En conséquence, le Parti québécois ne devrait-il pas demander, formellement, au premier ministre Philippe Couillard de proposer au fédéral et aux autres provinces une nouvelle entente qui devrait être constitutionnalisée avant les célébrations du 150ie anniversaire de la Confédération en 2017? Et de demander également au premier ministre que le contenu de cette entente, proposée aux Canadiens, recueille l'accord de tous les partis de l'Assemblée nationale? Et, finalement, aller jusqu'à suggérer un projet d'entente qui serait minimalement acceptable pour le Parti québécois?

Pour moi, en tant que souverainiste, ce projet pourrait être le suivant, c'est à dire l'inclusion dans la Constitution canadienne d'une Déclaration d'identité de la nation québécoise comprenant des pouvoirs souverains additionnels dans les domaines de la langue, de la culture et de l'immigration.

Si le Parti québécois prenait une telle initiative en s'emparant de ma proposition, cela créerait l'électrochoc nécessaire pour que le Québec se remette sérieusement à réfléchir à son avenir.

Et si cette nouvelle entente se concluait positivement, le PQ dirait lui aussi, bien sûr, Oui à une «canadianisation» effective du Québec pour 2017, mais dans l'honneur.

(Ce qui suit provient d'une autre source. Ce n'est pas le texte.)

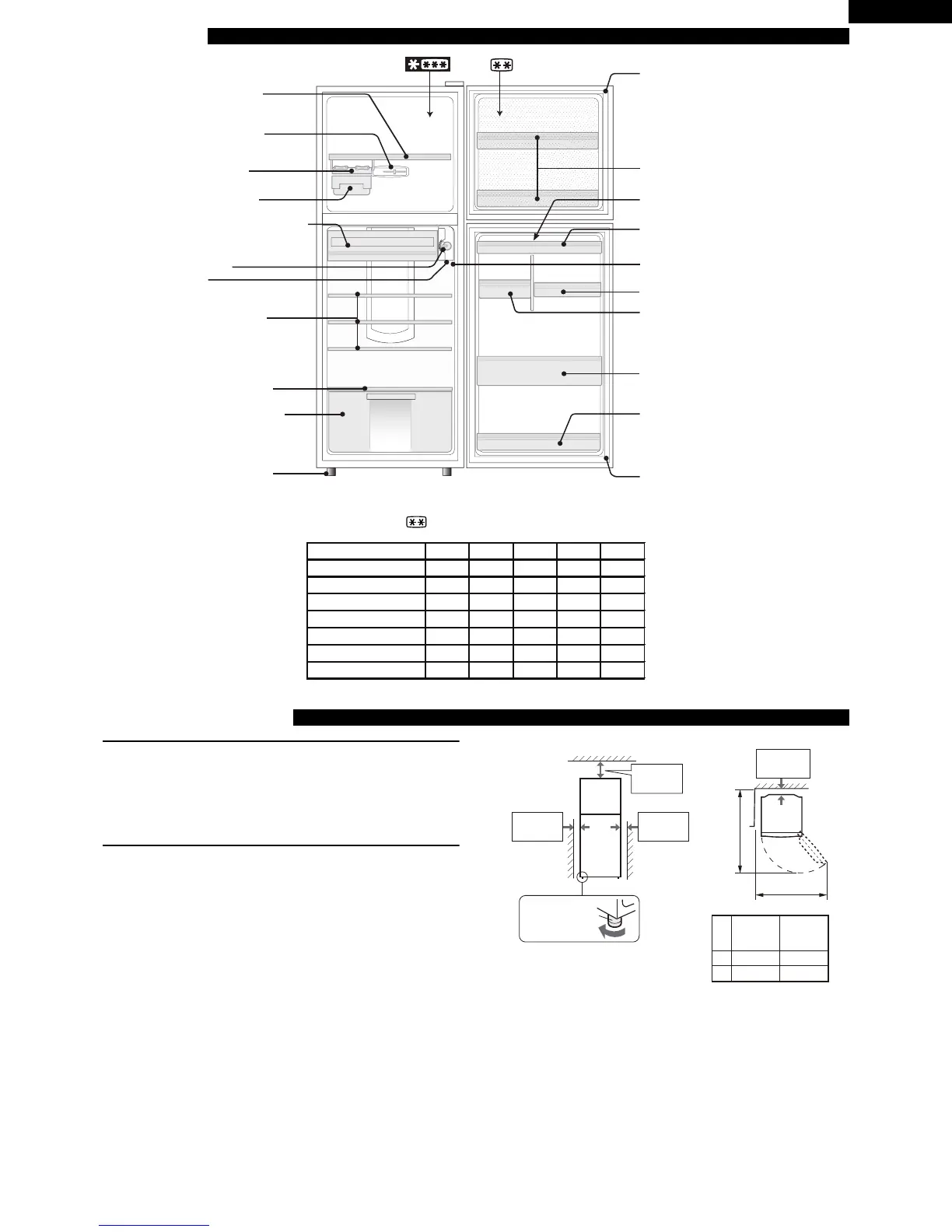 • Sekcia s 2 hviezdičkami len pre uskladnenie mrazených potravín.
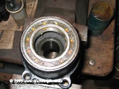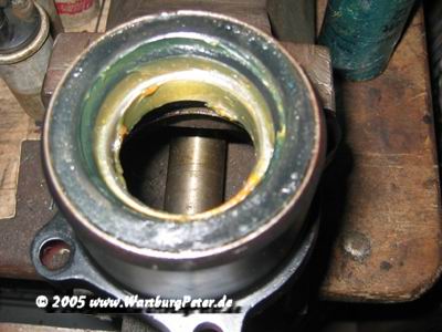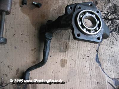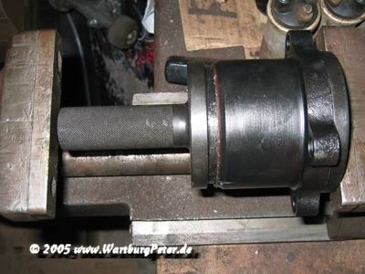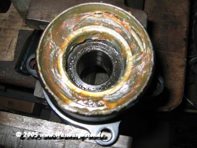 Schon halb eingepreßtes Radlager 6009. Mit dem Distanzring des Werkzeuges, wird es auf die richtige Einbautiefe gebracht. Wer das Werkzeug nicht besitzt, muß darauf achten, daß das Lager nicht verkantet und in die richtige Tiefe gepreßt wird. Mit einem Stück passenden Rohres geht das auch, jedoch nur auf den Außenring drücken! |
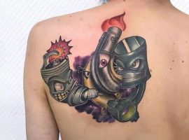 Часто такі татуювання робляться в стилі олдскул, акварель або реалізм. Вони барвисті, об’ємні. Орнаменти, що використовуються для Зображення двигуна, підкреслюють креативність мислення. Такі люди не люблять стереотипів і хочуть виділитися своєю незвичністю.
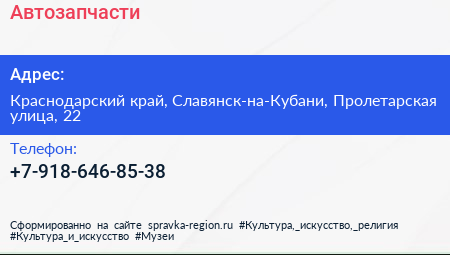 Автозапчасти по адресу Краснодарский край, Славянск-на-Кубани, Пролетарская улица, 22 в дальнейшем Организация, размещена в следующих категориях:
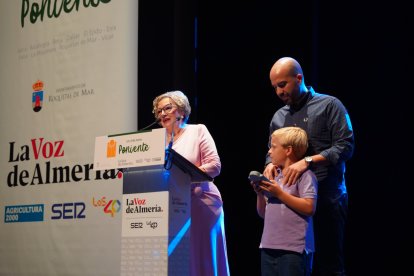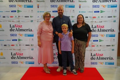 Encarna García Sánchez, jefa y cocinera del Bar Cahete junto a su hijo y nieto; recibiendo el premio de manos de José Carlos Lupión Carreño, alcalde del Ayuntamiento de Berja.
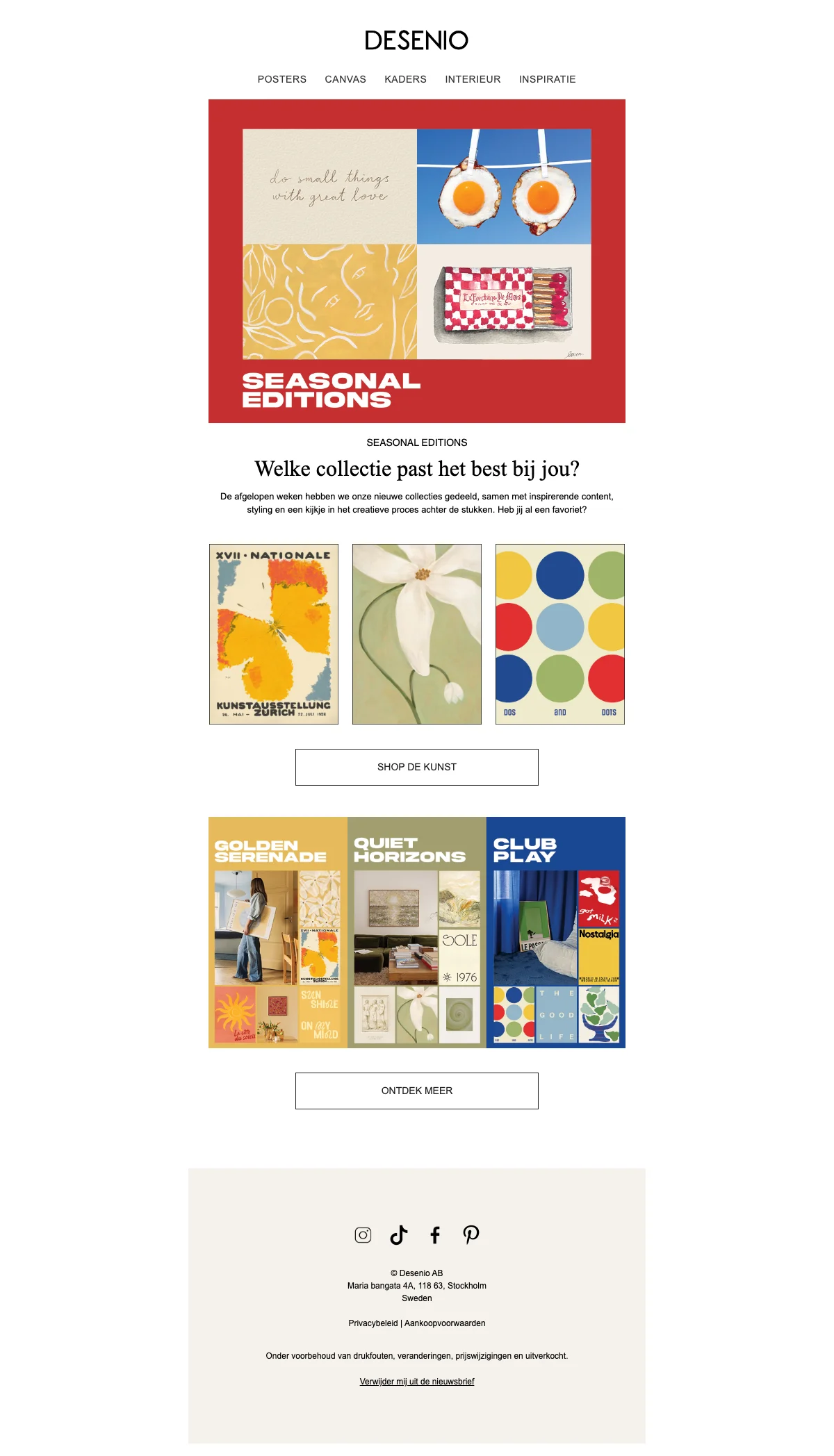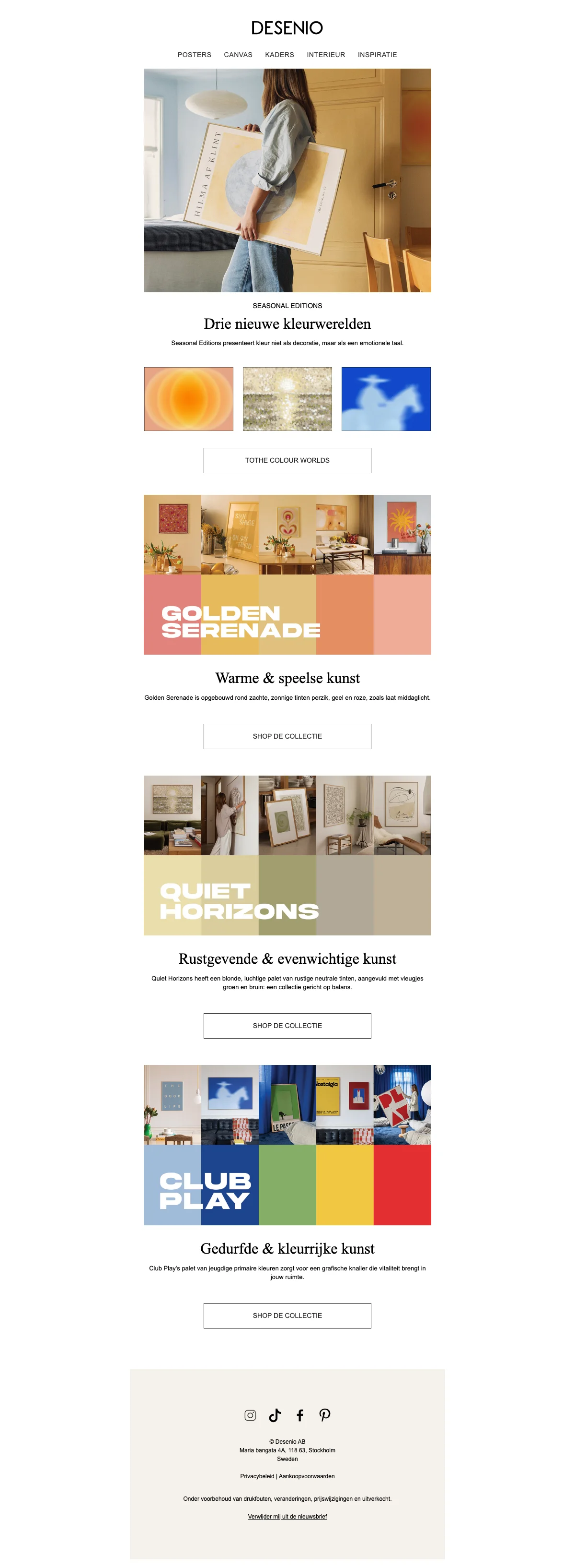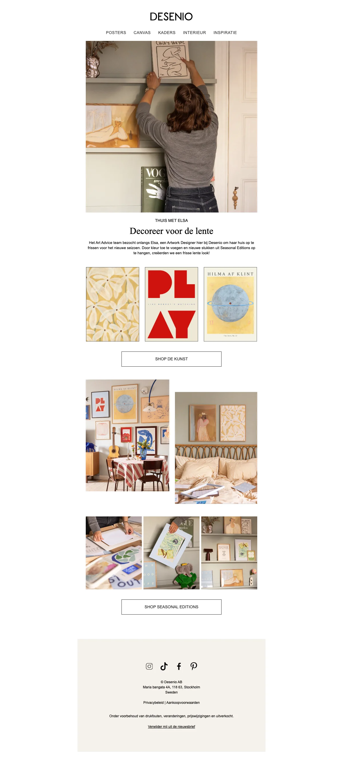 Bij Desenio vind je een uitgebreide collectie aan posters voor elk interieur. Van abstracte kunst tot inspirerende quotes, er is voor ieder wat wils. Kies uit verschillende formaten en stijlen en geef je muren een persoonlijke touch met de prachtige posters van Desenio.
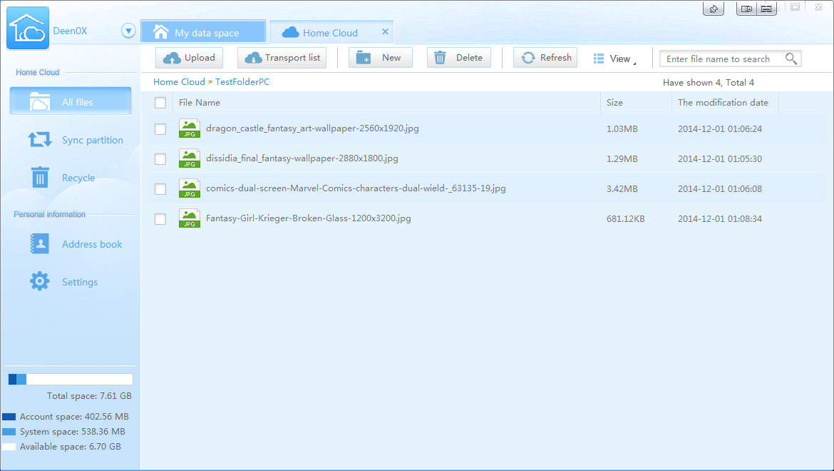 Personal Cloud Esta sección corresponde al fuerte de este dispositivo, y que intentaré comentar lo mas informativa posible. Al presionar en el icono "Private cloud settings (3)" de la pantalla principal, se presentan la siguiente ventana Lo primero que tenemos que hacer es crearnos una cuenta en el servicio de private cloud. Este servicio es algo parecido a un servicio de nombre, y que lo que permite es ubicar nuestro PC estando fuera de nuestra red, sin necesidad de saber ni nuestra IP, ni nada específico. Cuando nos damos de alta, si utilizamos el mismo usuario en otro dispositivo, podremos acceder directamente al contenido existente en nuestro router, de una forma simple y directa. La cuenta se asocia a un correo, al cual le daremos un nickname (apodo) Una vez creado ingresamos los datos en la pantalla de "My account" y ya tendremos configurado el router para ofrecer el servicio de personal cloud por internet (o por la propia red interna) La siguiente pestaña es para configurar el almacenamiento físico de nuestra personal cloud. Aquí tenemos para elegir entre usar un disco duro interno (instalado en el propio router) o un almacenamiento externo por USB. Solo podemos elegir uno de los dos. Si insertamos un disco, lo mas probable es que el router nos indique que hay que formatearlo para poder utilizar. esto es debido a que el router trabaja con el sistema de ficheros ext4, con lo que hay que tener en cuenta esto a la hora de utilizar undisco o pendrive, ya que se perderá toda la información que tengamos en el por el proceso de formateo Una vez formateado ya tendremos acceso al disco desde cualquier dispositivo que tenga instalada la aplicación. Finalmente, y un poco redundante, tenemos nuevamente enlaces para descarga (incluyendo códigos BIDI) a las distintas aplicaciones para poder acceder a nuestra nube personal. Usando nuestra nube personal Una vez configurado el router para acceder a el, creada la unidad de almacenamiento y la aplicación instalada en nuestro dispositivo móvil o PC, llega la hora de utilizar la nube. Lo primero que haremos será abrir la aplicación en el PC (en mi caso es la primera que he probado) La aplicación tiene una barra de opciones que ofrece nuestra nube. All Files En "All files" podremos ver el contenido actual (directorios y archivos) almacenados en nuestro almacenamiento físico. Aquí podremos subir ficheros (botón "Upload"), bajar uno o varios ficheros (botón "Transport list"), crear carpetas, borrar contenido, etc. Sync partition Esta opción nos resultará muy interesante y útil, y que solo encontraremos en el cliente Windows. Con esta opción crearemos una partición en nuestro PC, y que utilizaremos como almacenamiento de sincronización de nuestro disco que tengamos en el router. Cuando creamos la partición, no necesitamos eliminar ni formatear ninguna de las particiones de nuestro disco duro. El programa tomará una parte de la partición que le indiquemos, y generará la nueva partición para montar la imagen de sincronización. Lo curioso es que no he logrado identificar donde se encuentra la partición o el fichero generado. He formateado un disco para analizar lo que sucede al crear la partición, pero no he conseguido averiguar como lo hace, ya que no hay ni un fichero, ni en el administrador de discos aparece una nueva partición ni nada por el estilo. De momento, es un misterio para mi saber donde se está almacenando esta información. Lo que si he podido comprobar es que esta partición solo está "visible" mientras la aplicación para administrar la nube personal se encuentra activa. A continuación las capturas de pantalla que he generado para graficar este ejemplo: En la primera pantalla seleccionamos la partición donde sacaremos espacio para generar nuestra partición de sincronización. En este caso, he seleccionado el disco E; que he formateado específicamente para esta prueba (ojo, no es necesario formatear) Para hacer una prueba, he asignado 772.25MB de espacio de este disco para generar la nueva partición. El sistema genera una partición encriptada, y a continuación monta la nueva partición como unidad en windows. Partición creada y montada. El nombre de la partición podemos cambiarlo luego en windows (propiedades de la partición/cambiar nombre) En el PC, usando el explorador de windows podemos ver la nueva partición montada (los carácteres corrsopnden al nombre en chino, pero podemos cambiarlo sin problemas. Si examinamos la unidad E: que he utilizado para montar esta nueva partición, no vemos ningún fichero o carpeta oculto, ni nada que indique que aquí se monta una unidad. El administrador de discos tampoco refleja esta nueva partición. Dejando de lado esta curiosidad (que espero en algún momento resolver), me dedico a hacer algunas pruebas en esta nueva partición. Si esperamos un poco, veremos que el proceso de sincronización empieza a trabajar de forma automática, replicando los ficheros que tenemos en nuestra nube personal (disco en el router), en la partición que hemos creado. He creado una carpeta en la partición del PC, llamada TestFolderPC, y he copiado algunos ficheros dentro. La carpeta se ve reflejada en nuestra nube, junto con los ficheros que he copiado en ella. Luego he creado la carpeta "TestFolderPCApp" en la nube, utilizando la aplicación, y podemos observar que dicha carpeta se ha replicado en la partición del disco duro. Como podemos observar, la herramienta de sincronización resulta muy útil y práctica para tener un disco duro común donde acceder a ficheros desde distintos dispositivos, y es una de las claves del uso práctico de este router. Recycle La pantalla Recycle es, como podemos deducir, el sitio donde se van los ficheros que vamos eliminando. En esta pantalla podemos recuperar ficheros y carpetas, borrar definitivamente un fichero en particular o todo el contenido de la papelera. Personal information / Address book La siguiente ventana corresponde a "Pers

Note: à titre de suggestion, voici ma proposition de Déclaration d'identité:

«Depuis plus de 400 ans, à force d'espérance et de persévérance, le Québec s'est imposé au monde, non seulement comme une terre de paix et d'accueil, mais aussi de créativité et de productivité. Dans leur coeur et leur vie, depuis très longtemps, c'est la terre et la langue française qui les lient tous et toutes, et les lieront toujours ...ces gens du pays , de façon distincte sur ce continent de verdure et de glace.

Et par dessus tout, c'est la liberté qui nourrit leurs actions, la fidélité, leurs souvenirs, et le partage, leur avenir. Incidemment, par la présente déclaration, un nouveau partage est consenti avec le peuple du Canada.

Ce triple trésor de valeurs communes auquel s'ajoute la richesse de leurs valeurs fondamentales, en particulier, l'égalité de l'homme et de la femme, la laïcité... et la neutralité de l'État, obligent ce peuple du Québec, d'une rare humanité, tellement plein d'humour et, qui aime bien manger..., à défendre et à accroître autant que nécessaire les pouvoirs qui protègent et favorisent sa singularité au Canada et en Amérique du Nord, c'est-à-dire, ceux d'une nation souveraine.

Prenant à témoin la Constitution canadienne, ses premiers, ses anciens (francophones et anglophones) et ses nouveaux habitants s'unissent à nouveau, aujourd'hui et pour demain, afin de développer et faire fructifier cet héritage.

Le peuple du Québec, par la présente déclaration d'identité se veut fédérateur et reconnaissant envers le Canada de lui consentir, avec les outils financiers appropriés, des pouvoirs souverains additionnels et exclusifs, en matière de langue, de culture et d' immigration.»